Some fans thought Sabrina's story and the relationship with Patrick should have been reserved for Elizabeth Webber, Robin and Patrick's close friend. Sara Bibel was against the pairing and recommended the spunky Ellie Trout (Emily Wilson) would be a better love interest for Patrick, the brain surgeon. Michael Fairman said it was intriguing "how [Sabrina] was carefully placed into the Drake family's sphere." Hayman also praised the romantic triangle and described Sabrina's relationship with Emma as "heart-tugging." Despite the character's very soft exterior, fans did not take kindly to Sabrina as Patrick's potential love interest. Castillo admitted that she was not prepared for the fans to be so vocal, but said that she respected their loyalty to Robin and Patrick. However McCullough took the time to encourage Castillo about her role and noted the character's growth since her introduction. Regan Cellura of Daytime Confidential praised the triangle between Sabrina, Patrick and Britt, and Sabrina's friendship with Felix and Elizabeth. Jamey Giddens said that he didn't see a point at the beginning of the triangle, but the story eventually hooked him. Of Castillo, Giddens said, "it's easy to root for her in this mini-telenovela-meets-rom-com arc on GH." Despite the huge fan base for Patrick and Robin, Castillo and the pairing of Patrick and Sabrina garnered a fan following, with the pairing being listed consistently in the top ten pairings in ABC Soaps In Depth, and Castillo being listed as one of fan favorite actresses on the series. On a poll on Daytime Confidential asking fans if Sabrina should just walk away from Patrick when Robin returned, 82% (3065 votes) agreed she should walk away. Sports analyst, Stephen A. Smith even weighed in on Patrick's dilemma on The Arsenio Hall Show with Robin as the obvious choice, despite Sabrina's good qualities. Patrick and Sabrina's wedding gave the series its largest viewership and best ratings season in seven years with 3.3. million people tuning in for the nuptials, which were interrupted by Robin. The pairing ranked at #22 on We Love Soaps list of the "25 Most Popular Couples of the Year."

"Student nurse Sabrina Santiago [barreled] into Port Charles General Hospital, a mess of hair, thick-rimmed glasses and nervous energy. However, at the recent Nurses Ball, this quirky duckling transformed into quite the magnificent swan, securing Dr. Patrick Drake's (Jason Thompson) heart in the process!"
— Regan Cellura on Sabrina's transformation.
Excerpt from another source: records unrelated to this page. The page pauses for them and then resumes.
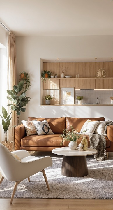 the gorgeous brown leather sofa is the star, grounding the room with its rich, warm color and texture. The natural wood tones in the open shelving and the light wood flooring create a continuous, inviting flow. Different patterns and materials in the pillows add depth, while the plants bring life. It’s a wonderful example of a perfectly balanced, earthy, and comfortable space.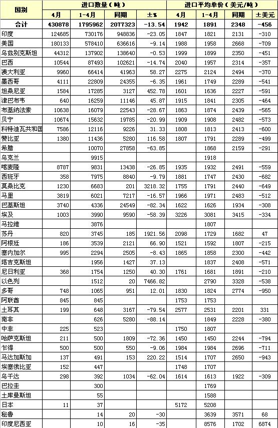 錦橋紡織網(wǎng)—資訊頻道> 統(tǒng)計資料>正文 2013年4月棉花進口主要來源地區(qū)及國別統(tǒng)計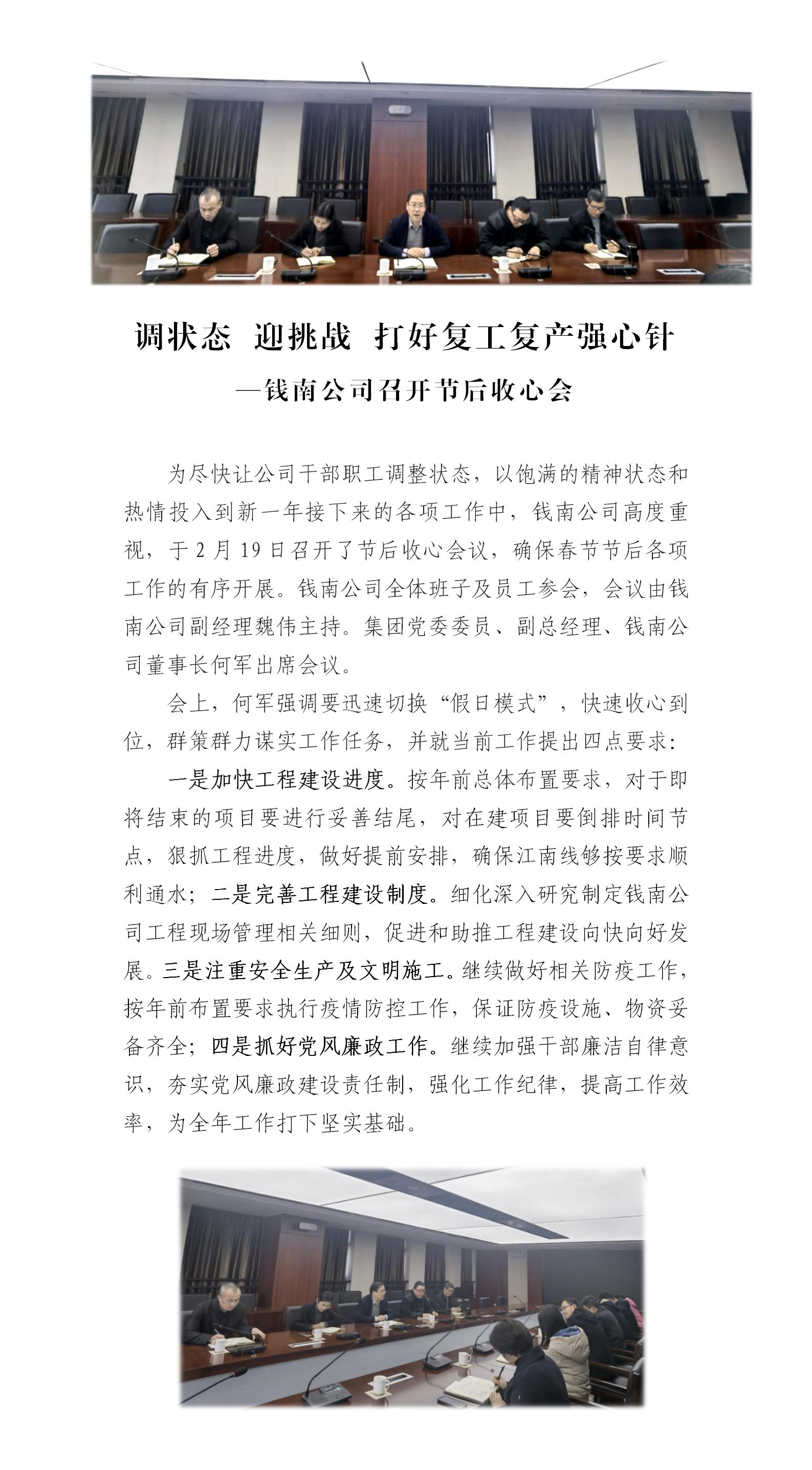 调状态 迎挑战 打好复工复产强心针—钱南公司召开节后收心会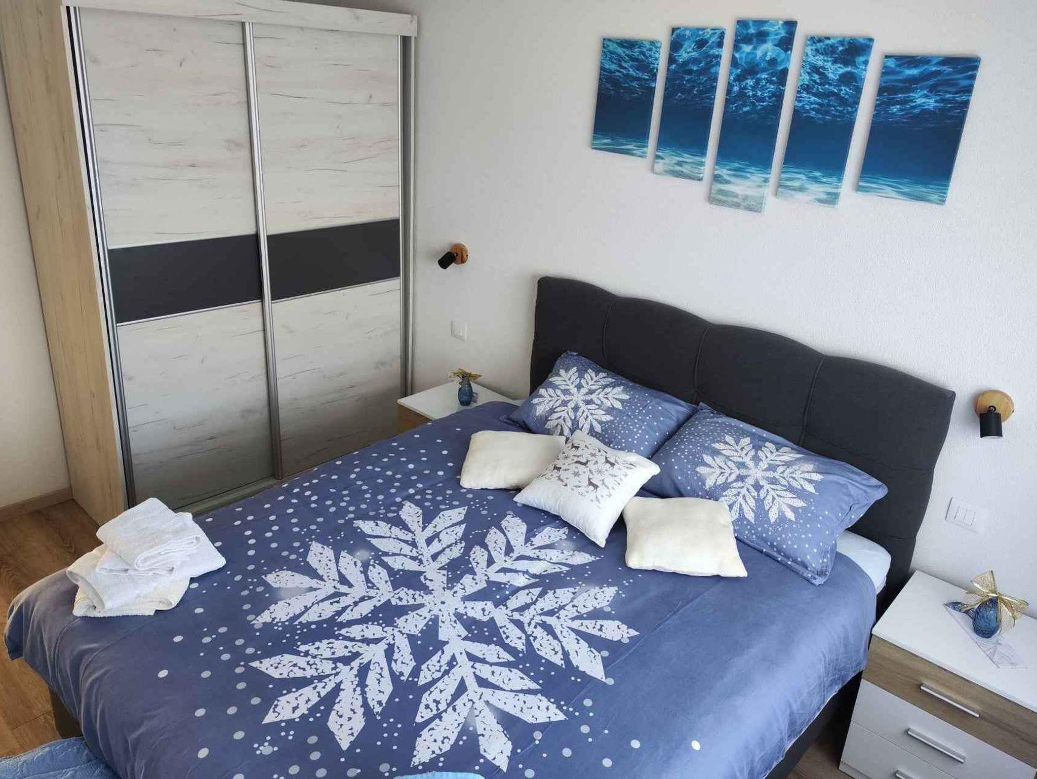 Ferienwohnung bietet Platz für 4 Gäste. Die Betten sind in Schlafzimmern, die es 2 gibt, innerhalb einer Gesamtfläche von 68m2, angeordnet. Die Gäste haben einen eigenen Balkon zur Verfügung, auf der sie in warmen Sommernächten genießen können. Das Apartment bietet Meerblick. In der Unterkunftseinheit besteht die Möglichkeit des Mitbringens von Haustieren, und die Dienstleistung ist im Preis der Unterkunft enthalten. IM PREIS INBEGRIFFEN: Kurtaxe, Endreinigung, Klimatisierung, Parkplatz, Internet, Haustiere, Kinderbett, Zusatzbett, Bügeleisen, Bügelbrett, Föhn. VERBINDLICHE ZUSÄTZLICHE KOSTEN: Aufzahlung für Kurzaufenthalte (prozentualer Zuschlag pro Nächtigungsanzahl: 30% - 1, 20% - 2, 10% - 3). Die Verfügbarkeit zusätzlicher Dienstleistungen in Ihrem reservierten Termin und die Preise derselben (falls nicht aufgeführt) müssen im Voraus überprüft werden. Zusätzliche Dienstleistungen die in der Zahlungsaufforderung nicht aufgeführt sind werden direkt beim Vermieter bezahlt, angenommen der Gast nutzt auch diese. Ermäßigung auf den Grundpreis: Gratistag 14=13 (bei einem Aufenthalt von 14 Tagen oder mehr erhalten Sie einen Gratistag für den Aufenthalt bis 31.12.26).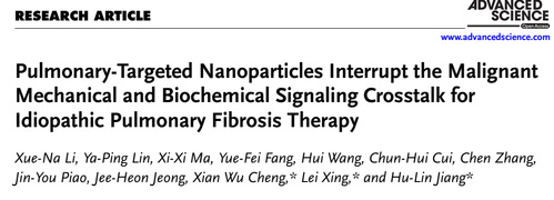 近日,Xian Wu Cheng, Lei Xing, and Hu-Lin Jiang 团队在 Advanced Science 发表题为 “Pulmonary-Targeted Nanoparticles Interrupt the Malignant Mechanical and Biochemical Signaling Crosstalk for Idiopathic Pulmonary Fibrosis Therapy” 的研究论文。研究团队开发了一种吸入性肺靶向纳米颗粒(VB-RT NPs),这种纳米颗粒通过共载药物并双重修饰,可同时阻断 IPF 中的机械和生化信号恶性串扰,在体外和体内均展现出显著抗纤维化效果,为 IPF 治疗提供了创新策略。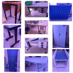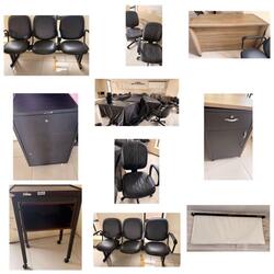 Mobílias diversas: 03 mesas, 01 gaveteiro, 01 balcão. Local: Sala da diretoria.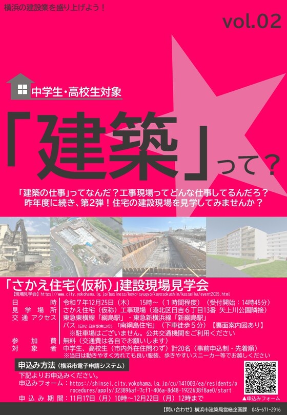 【事前申込制】12/25開催 「建築」ってなんだ?第2弾 「さかえ住宅(仮称)」建設現場にて中高生向け現場見学会を開催します!

In response to character's makeover during the Nurses' Ball, Bibel said she could do without the "Pretty Pink Princess" routine. Writing her like a Disney princess made the character seem too immature, according to Bibel. Bibel's dislike for Sabrina also made her root for Britt, during the pregnancy reveal. Ciaccia believed the character was an homage to Audrey Hepburn's Sabrina [Fairchild]. Ciaccia also noted the character's similarities to Lynn Herring's early portrayal of Lucy Coe as a "plain Jane librarian," who also gets a makeover. Castillo on the other hand was more excited about fans coming to accept Sabrina as a part of Patrick's life, then she was about the makeover.

Ron Carlivati praised Castillo for taking the risk by accepting the role as the "other woman" in Patrick's life and said she handled the task with "dignity and class." Passalacqua applauded casting director Mark Teschner for finding Castillo, and the writers for coming up with the "refreshing new character." Connie Passalacqua said Castillo brought an "innocence and youthful idealism" to the character making her a "breath of fresh air." Passalacqua's husband, Edward Hayman also praised Castillo for her "sweet" yet vulnerable portrayal of the character. Michael Fairman said Castillo gave a "solid" performance in her portrayal of a devastated bride. Fairman also praised Castillo for her performance in the episode in which Patrick breaks things off with Sabrina to return to Robin. Marlena De Lacroix also praised Castillo for her portrayal of Sabrina and described her performance as "masterful" in showing Sabrina "great pain at seeing all her dreams come unraveled."